The prohibition of anti-competitive agreements in German law covers agreements on vertical price fixing and so-called concerted practices resulting in vertical price fixing. All cases in which
the distributor is restricted in its freedom to set its own resale prices (e.g. retail prices) constitute illegal vertical price fixing or RPM. However, suppliers are generally allowed to set a
maximum resale price, provided that they do not amount to fixed or minimum sales prices as a result of pressure from, or incentives offered by, any of the parties. Vertical price fixing
measures are considered to be restrictions of competition by object. Hence, it is not necessary to examine their effect on the market.
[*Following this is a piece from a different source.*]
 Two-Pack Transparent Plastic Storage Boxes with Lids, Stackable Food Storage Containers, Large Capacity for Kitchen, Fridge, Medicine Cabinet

This also means that it is presumed to appreciably
distort competition, even if the market shares of the parties to the practice are small.

Under German law, even the unilateral attempt of vertical price fixing is prohibited if it happens by threatening other companies and causing disadvantages or promising or granting
advantages to other companies in order to induce them to engage in conduct which is prohibited under competition law. The prohibition also covers unilateral attempts to induce the addressee to agree on fixed prices with a third business.
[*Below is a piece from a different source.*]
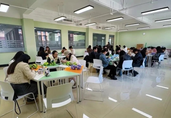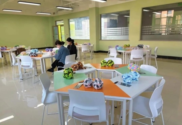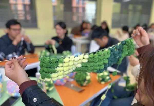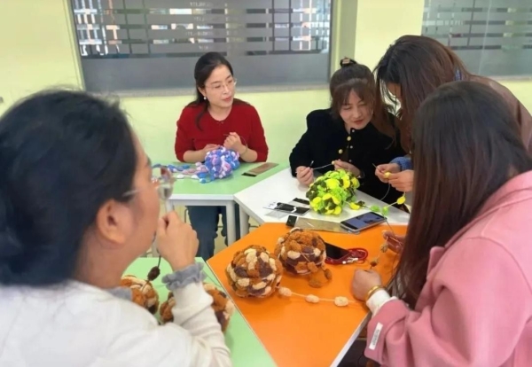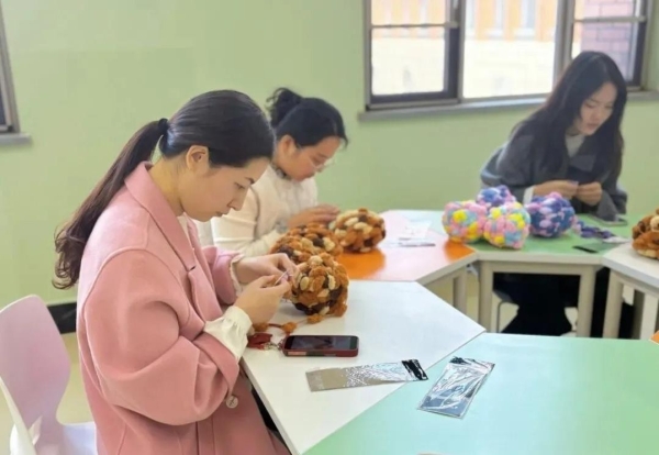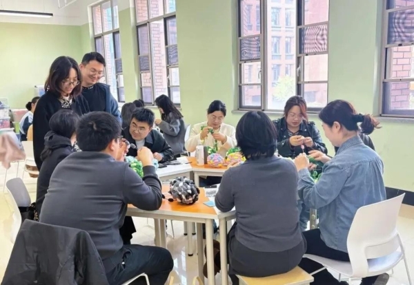 老师们专注投入,手法从生疏到熟练,钩针在毛线间灵活穿梭,渐渐掌握了编织的技巧。大家不时交流编织经验,分享制作心得,现场氛围融洽而欢快。

Price recommendations and campaign pricing, as viewed by the German competition authority:

Suppliers are free to issue non-binding price recommendations, as long as there is no doubt about the non-binding character of the recommendations, and it does not provide distributors
with information which can induce them to not deviate from the recommended price – in particular information on the pricing strategies of their competitors. In the FCO’s investigations of illegal RPM in the food retail sector, all cases in which RPM could be established, concerned price recommendations. In these cases, the differentiation to be made between legal and illegal practices was based on two aspects: The question of whether unilateral or bilateral practices (agreement, concerted practices) are involved, and whether the influence exercised over the retailer’s decisions is to be classified as legal or anti-competitive.
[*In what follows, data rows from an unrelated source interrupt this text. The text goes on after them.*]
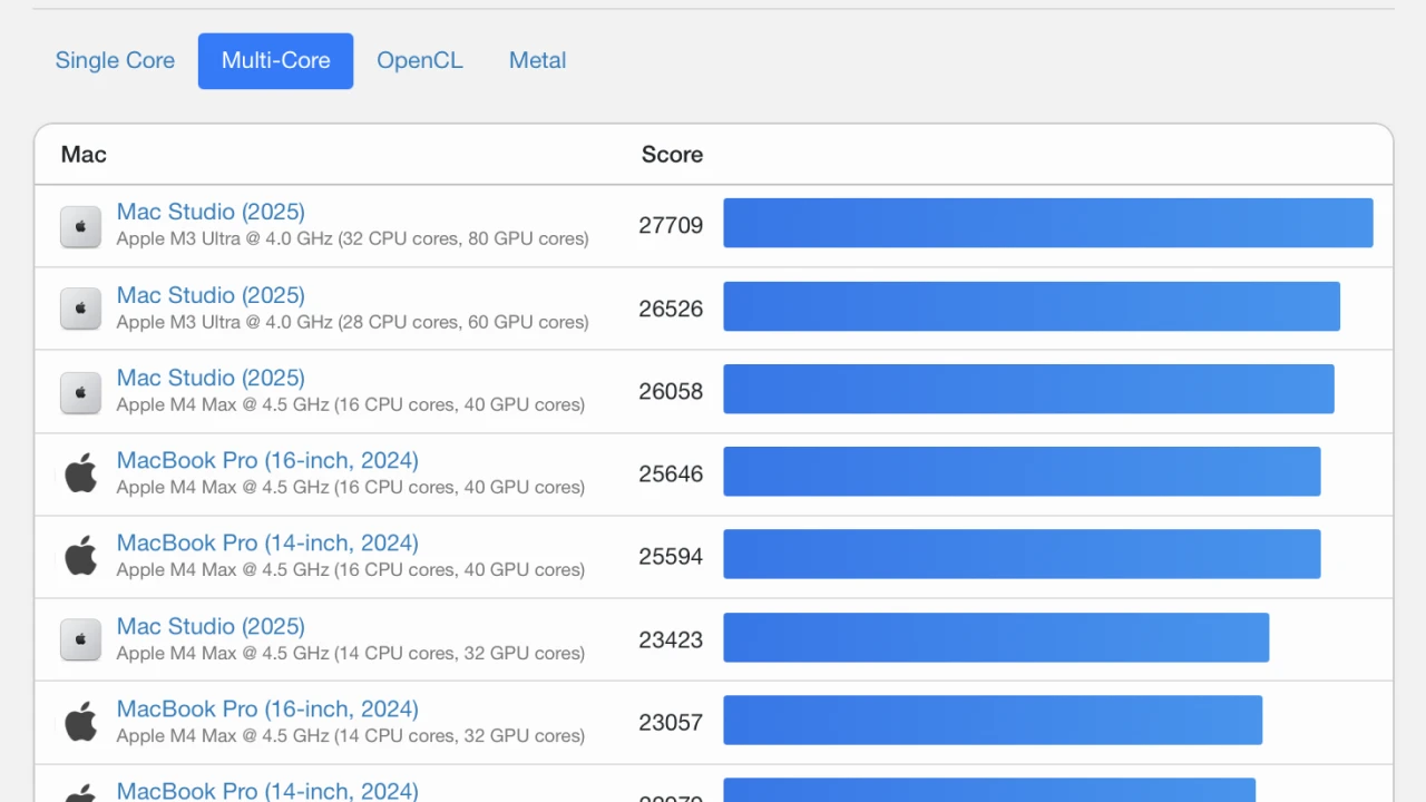 Primate LabsがApple M3 Ultraチップを搭載したMac Studio (2025)のGeekbench CPU/GPUスコアの掲載を開始しています。詳細は以下から。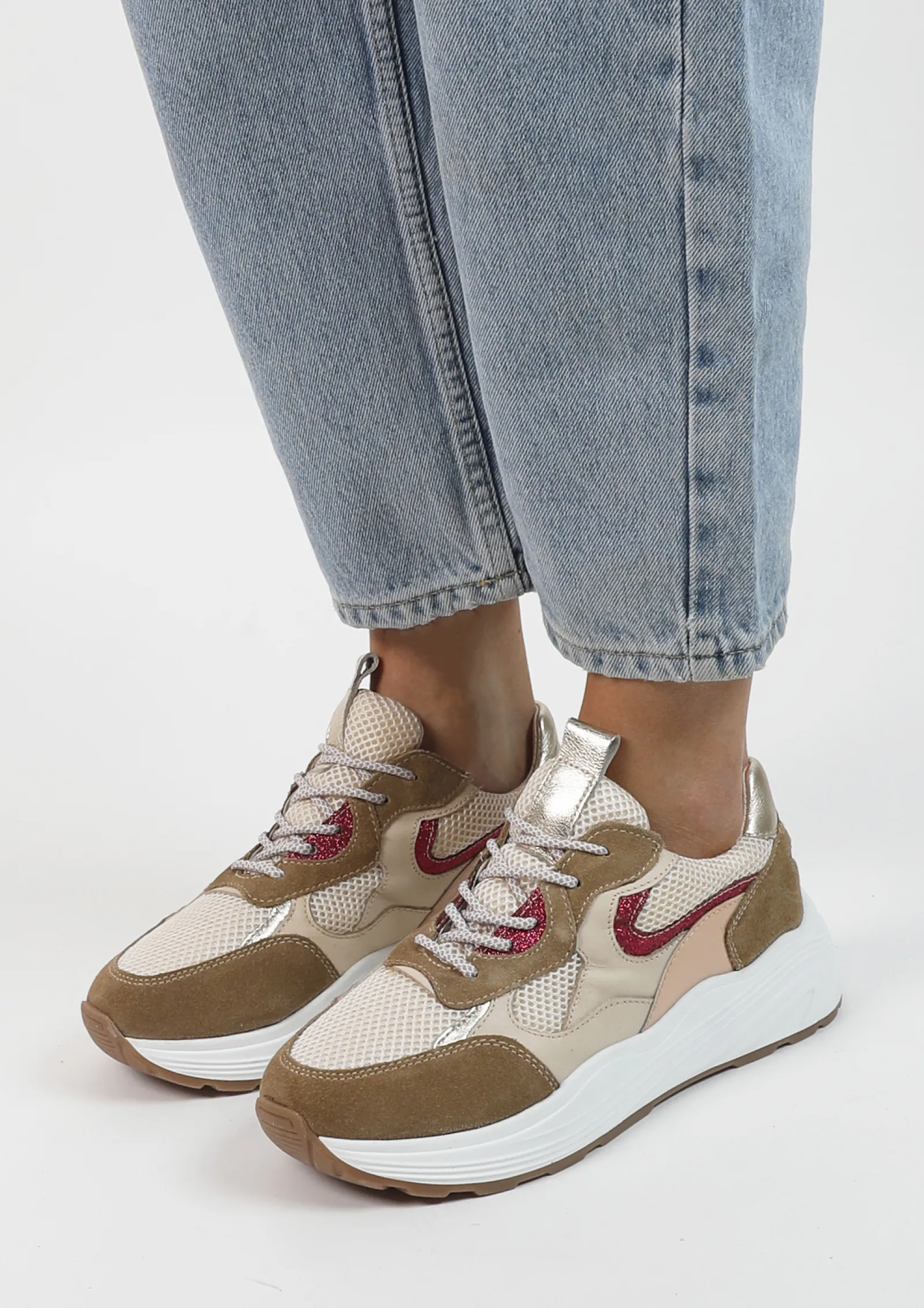 Trendy Beige Sneakers Van Sacha. De Sneakers Hebben Roze Glitter Details Met Aan De Achterzijde Een Goudkleurig Detail. De Buitenzijde Van De Sneakers Zijn Gemaakt Van Suede Met Beige Tinten. De Sneakers Hebben Beige Met Witte Veters En Een Chunky Plateau Zool Van 4 Cm. Maak Gebruik Van De Juiste Onderhoudsproducten!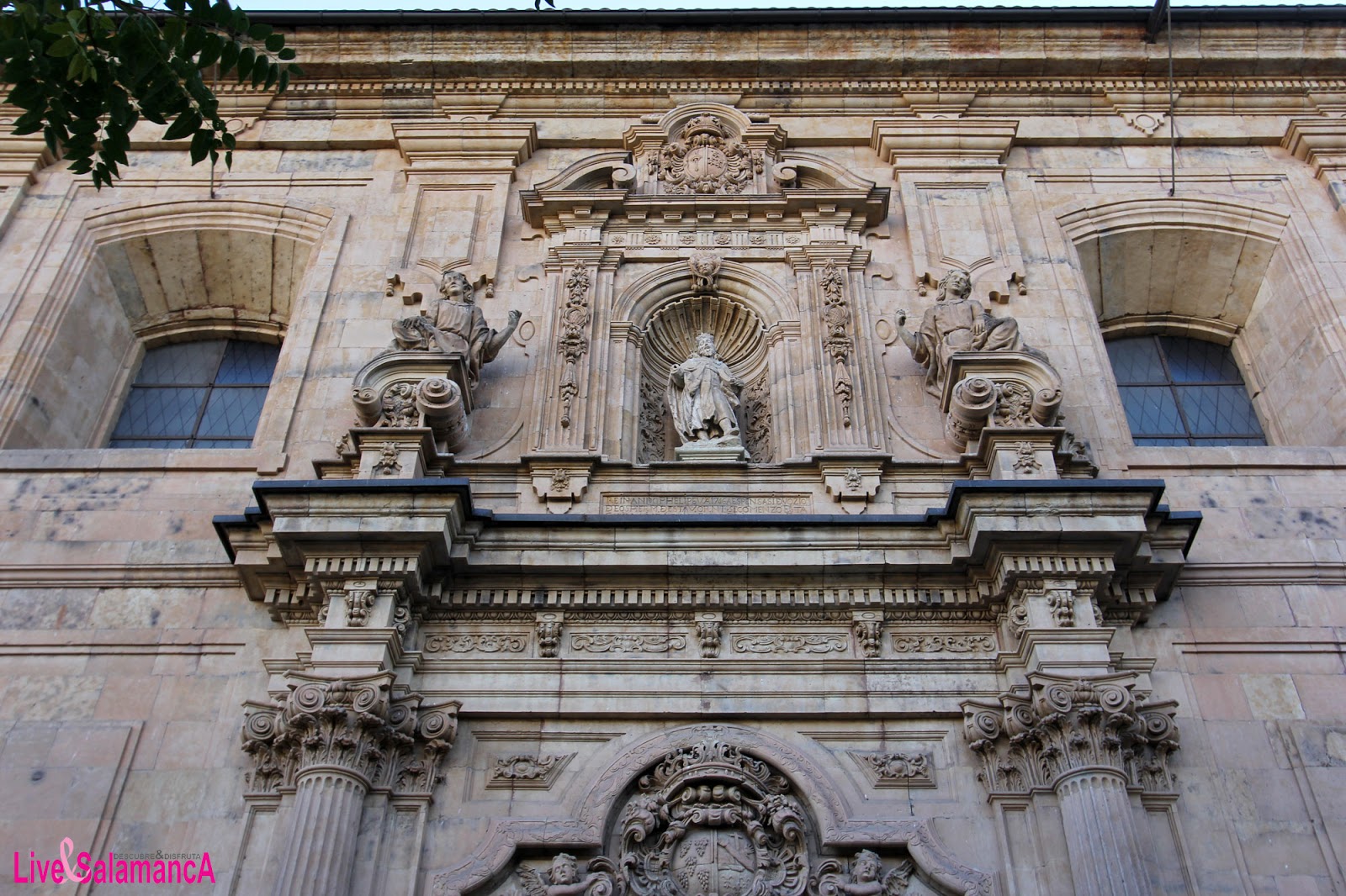 En el exterior la portada muestra un barroco más sereno, excepto en la dinámica moldura de la puerta; en el centro de la parte superior en una hornacina avenerada, se encuentra la imagen de San Luis Rey flanqueado por dos figuras sobre volutas obra de Simón Gavilán Tomé y Gregorio Carnicero.

When planning promotional campaigns, suppliers and distributors can have a mutual interest in exchanging information for the sake of efficient production planning. The supply quantities
needed during a campaign are usually much larger than the quantities sold under the normal price. Agreeing on promotion periods ensures an efficient use of production facilities and does
not violate competition law. However, the supplier must not prohibit the distributor from undertaking any further promotional activities at its own expense and at a date chosen by the
distributor itself.

Margin effects calculation support, margin guarantees and compensation requests:

Suppliers are allowed to provide support in the calculation of hypothetical margin effects, provided this does not enable the distributor to draw conclusions on the pricing decisions of
competing distributors. If suppliers act within this framework, distributors can follow their recommendation without this constituting an agreement on resale prices or a concerted practice.

Margin guarantees or compensation requests often deviate from the usual risk allocation between suppliers and distributors according to which the distributor determines the resale price autonomously and has to bear the consequences of its price decision, which includes the risk that its margin expectations cannot be realized in the market. Assuming that none of the
companies involved is dominant or has relative market power, this deviation does in principle not violate competition law, but is the result of a free negotiation between supplier and retailer –unless the agreement can be understood as an assurance by the distributor that the resale price will not undercut a certain level.

Data exchange and RPM:

Data regarding sales and resale prices and quantities may not be used to coordinate pricing strategies, either between the distributor and the supplier, or between distributors with the
supplier acting as a mediator, or between suppliers with the distributor acting as a mediator. The provision of data relating to the future (such as a designated promotional price) is therefore subject to strict limitations.